1- If \(\frac{x – 3}{5} =\) N and N = 6, what is the value of \(x\)?

☐A. 25

☐B. 28

☐C. 30

☐D. 33

2- If \(x + y = 0\), \(4x – 2y = 24\), which of the following ordered pairs \((x, y)\) satisfies both equations?

☐A. (4,3)

☐B. (5,4)

☐C. (4,-4)

☐D. (4,-6)

3- On Saturday, Sara read N pages of a book each hour for 3 hours, and Mary read M pages of a book each hour for 4 hours.
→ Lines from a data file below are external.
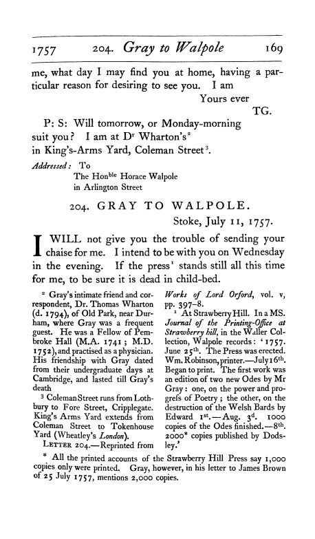 - The Correspondence of Gray, Walpole, West and Ashton (1734-1771), 2 vols. Chronologically arranged and edited with introduction, notes, and index by Paget Toynbee. Oxford: Clarendon Press, 1915, letter no. 203, vol. ii, 168-169
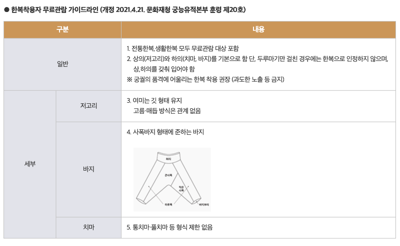 한복 착용자는 한복 무료관람 가이드라인 데 따라 무료관람이 가능하기 때문에 가이드라인을 확인하세요.
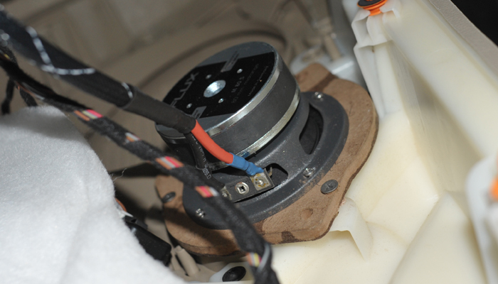 车主音乐品味非常高,原车音响系统根本入不了他的耳,经过了解网上了解,看到我们改过多款奔驰系列的音响系统,于是便预约前来试听,我们根据车主的要求推荐了德国佛伦诗大师系列MC361三分频,车主对其喇叭效果非常满意,当时变决定立即动工。
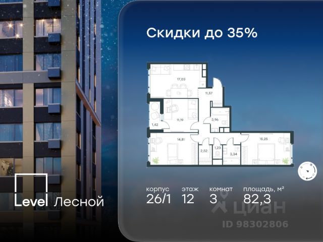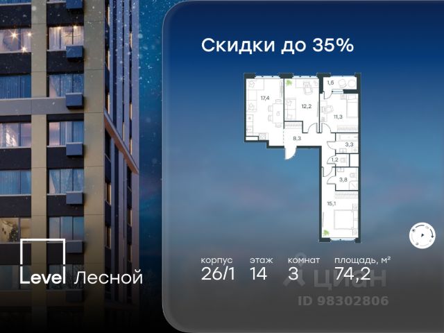 Цена указана с учётом скидки при 100%-й оплате, несубсидированной ипотеке, рассрочке (кроме программы "Рассрочка 0%"). В районе, утопающем в густой зелени лесов, многочисленных парков и скверов, продаётся 3-комнатная квартира площадью 88.10 кв.м без отделки. Квартира расположена на 12 этаже в жилом комплексе комфорт-класса Level Лесной (компания Level Group/Левел групп). Отличная транспортная доступность: - 25 мин. пешком до станции метро "Пятницкое шоссе"; - 28 мин. на автобусе до станции метро и МЦД-2 "Волоколамская"; - 11 мин. на авто до МКАД; - 25 мин. на авто до ТТК. Продуманный архитектурный проект: - Концепция проекта Level Лесной от бюро СПИЧ; - Высотность комплекса до 15 этажей с уникальными видами на лесные массивы и город; - Высота потолков до 3 м; - Современные окна высотой до 1,6 м, в части квартир предусмотрены окна в пол. Высота подоконников 0,6 м; Расположение: Level Лесной строится в зелёной зоне ближайшего Подмосковья, г.о. Красногорск в посёлке Отрадное. Шаговая и автомобильная доступность до метро и больших транспортных артерий города. За 25 минут вы дойдёте до станции метро "Пятницкое шоссе", а за 20 минут на машине сможете доехать до станции метро "Тушинская". Район окружен роскошной зеленью лесов и парковых зон, занимающих территорию свыше 1 000 гектаров. Помимо благоприятной экологии, здесь множество возможностей для активного отдыха и поддержания физической формы. Облагороженная территории с полностью развитой инфраструктурой. На территории проекта находится детский сад и школа "Светлые Горы", которая входит в список лучших частных школ от Forbes Education (по данным на 2023г.). Кроме того, в пешей доступности расположено ещё 8 детских садов, а также запланировано открытие современной муниципальной школы. В непосредственной близости находятся сетевые супермаркеты и локальные магазины, аптеки, клиники, почта, библиотека, салоны красоты, рестораны, спортивные и творческие секции, развивающие детские центры. В 12 минутах пешком расположен торговый парк "Отрада" с продуктовым и строительным гипермаркетами, магазинами, кинотеатром и развлечениями для детей. Внутренняя инфраструктура: Мы знаем, как важно, чтобы магазины и сервисы были всегда рядом. В сданных корпусах Level Лесной уже расположена полностью готовая развитая инфраструктура. На первых этажах корпуса 27 предусмотрено ещё 14 коммерческих помещений. Благоустройство: Продуманное пространство и аура приватного европейского городка рождают чувство лёгкости и расслабления у каждого, кто попадает на территорию проекта. Концепцию общественных площадок разработали в партнёрстве два архитектурных бюро: Highlight Architecture и SCAPE. В безопасных дворах без машин каждый обязательно найдёт себе место для вдохновения, отдыха и спорта.
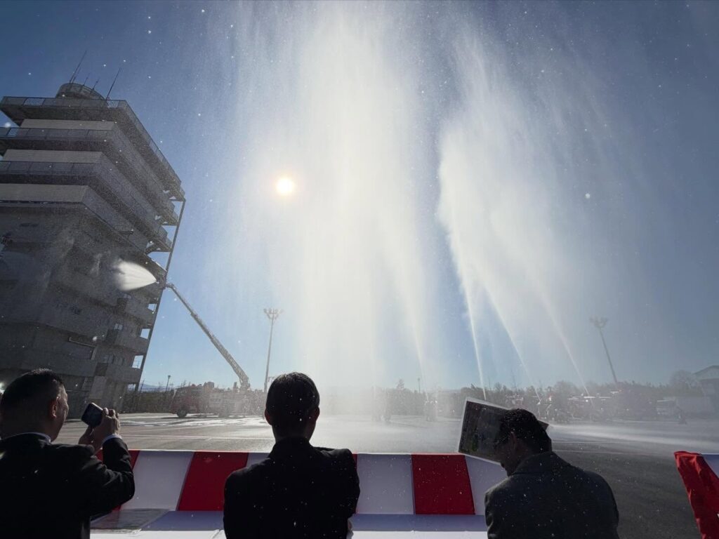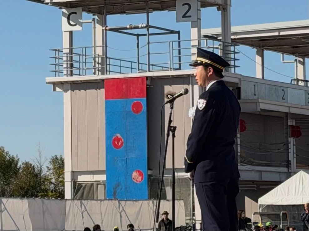 一斉放水の水飛沫が観覧席まで威勢よく飛んできてびしょ濡れになりましたが(苦笑)
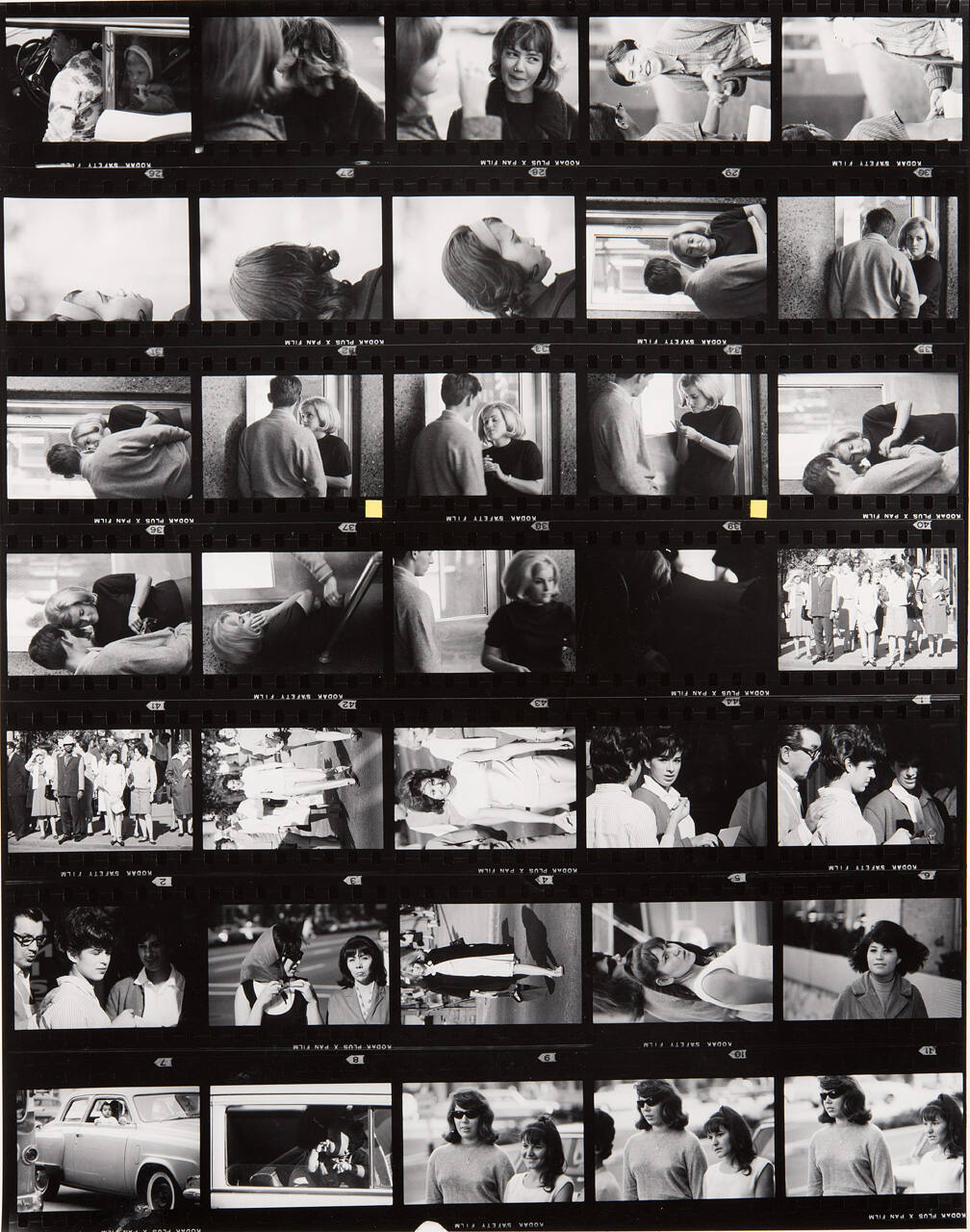 DescriptionContact sheet of Guggenheim work Roll #900-906; upper left frame is an image of a man getting out of car with a little girl in the back seat.ProvenanceHall Family Foundation, Kansas City, MO, 2013;
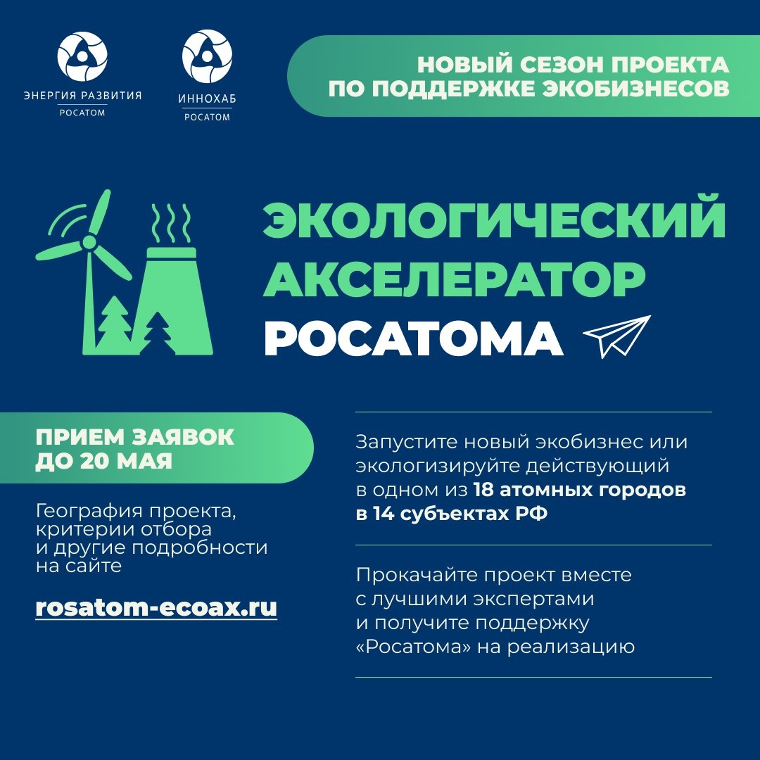 ♻Жители Калужской области, желающие реализовать бизнес-идеи в сфере экологии, а также предприниматели, которые хотят масштабировать бизнес и экологизировать процессы в нем, приглашаются к участию в Экологическом акселераторе. Подробности - https://rosatom-ecoax.ru/ 👍 Подписаться | Прислать мероприятие

Which of the following represents the total number of pages of book read by Sara and Mary on Saturday?

☐A. \(12MN\)

☐B. \(3N + 4M\)

☐C. \(7MN\)

☐D. \(4N + 3M\)

4- A line in the \(xy\)-plane passes through origin and has a slope of \(\frac{1}{3}\). Which of the following points lies on the line?

☐A. (2,1)

☐B. (4,1)

☐C. (9,3)

☐D. (6,3)

5- If function is defined as \(f(x)=bx^2+15\), and b is a constant and \(f(2) = 35\). What is the value of \(f(3)\)?

☐A. 25

☐B. 35

☐C. 60

☐D. 65

6- If \((ax+4)(bx+3)=10x^2+cx+12\) for all values of \(x\) and \(a + b = 7\), what are the two possible values for c?

☐A. 22, 21

☐B. 20, 22

☐C. 23, 26

☐D. 24, 23

7- If \(x≠-4\) and \(x≠5\), which of the following is equivalent to \(\frac{1}{\frac{1}{x – 5} + \frac{1}{x + 4}}\)?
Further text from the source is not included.